#### Work order
The entries are to be duplicated exactly, though any picture in them must be omitted.
##### The records
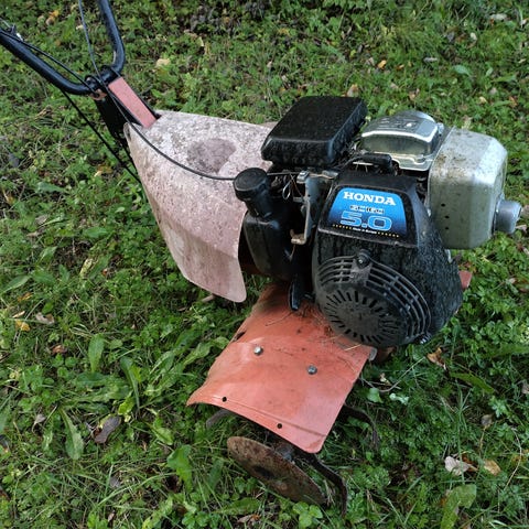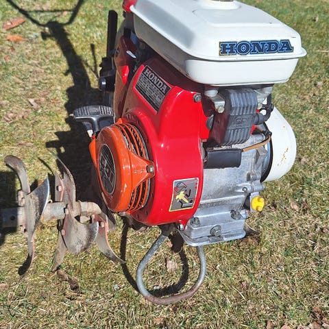 .Tämä on Honda F400 -bensiinikäyttöinen puutarhajyrsin.
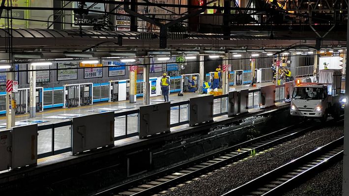 京浜東北線大井町駅で、2024年6月5日未明に行われたホームドアのメンテナンス工事
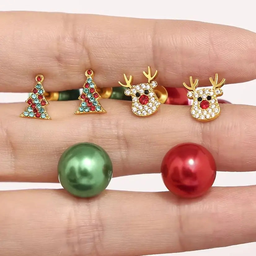 Nivora Christmas Tree Elk Deer Stud Earrings For Women Stainless Steel Bling Cubic Zircon Earrings Fashion Pendientes Jewelry
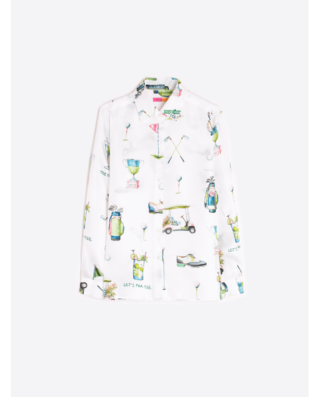 Deze Tea damesblouse van Vilagallo combineert een frisse witte basis met een speelse Silk Golf print vol verfijnde illustraties. Een stijlvol statement voor wie houdt van detail, kleur en een knipoog.
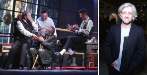 На фото: актеры Владислав Ветров (Сем), Михаил Ефремов (Макс), Дмитрий Смолев (Джой) и Александр Хованский (Тедди) (слева направо) в сцене спектакля «Не становись чужим» в постановке режиссера Сергея Газарова и Евгения Митта (снимок справа) в театре «Современник», 2019 год.
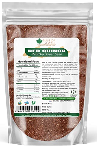 Bliss of Earth Certified Organic Red Quinoa is one of the most popular health food. Its high in protein fiber magnesium B vitamins iron potassium calcium phosphorus vitamin E and various beneficial antioxidants. Its also one of the few plant foods that contain sufficient amount of all nine essential amino acids.
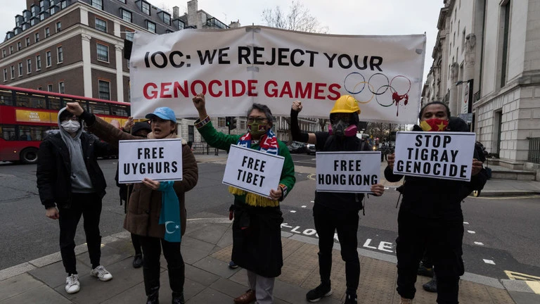 Các nhà hoạt động nhân quyền biểu tình bên ngoài Đại sứ quán Trung Quốc ở London, Anh, ngày 3-2. Ảnh: RT
##########
#### Problem solution
 .Tämä on Honda F400 -bensiinikäyttöinen puutarhajyrsin.
 京浜東北線大井町駅で、2024年6月5日未明に行われたホームドアのメンテナンス工事
 Nivora Christmas Tree Elk Deer Stud Earrings For Women Stainless Steel Bling Cubic Zircon Earrings Fashion Pendientes Jewelry
 Deze Tea damesblouse van Vilagallo combineert een frisse witte basis met een speelse Silk Golf print vol verfijnde illustraties. Een stijlvol statement voor wie houdt van detail, kleur en een knipoog.
 На фото: актеры Владислав Ветров (Сем), Михаил Ефремов (Макс), Дмитрий Смолев (Джой) и Александр Хованский (Тедди) (слева направо) в сцене спектакля «Не становись чужим» в постановке режиссера Сергея Газарова и Евгения Митта (снимок справа) в театре «Современник», 2019 год.
 Bliss of Earth Certified Organic Red Quinoa is one of the most popular health food. Its high in protein fiber magnesium B vitamins iron potassium calcium phosphorus vitamin E and various beneficial antioxidants. Its also one of the few plant foods that contain sufficient amount of all nine essential amino acids.
 Các nhà hoạt động nhân quyền biểu tình bên ngoài Đại sứ quán Trung Quốc ở London, Anh, ngày 3-2. Ảnh: RT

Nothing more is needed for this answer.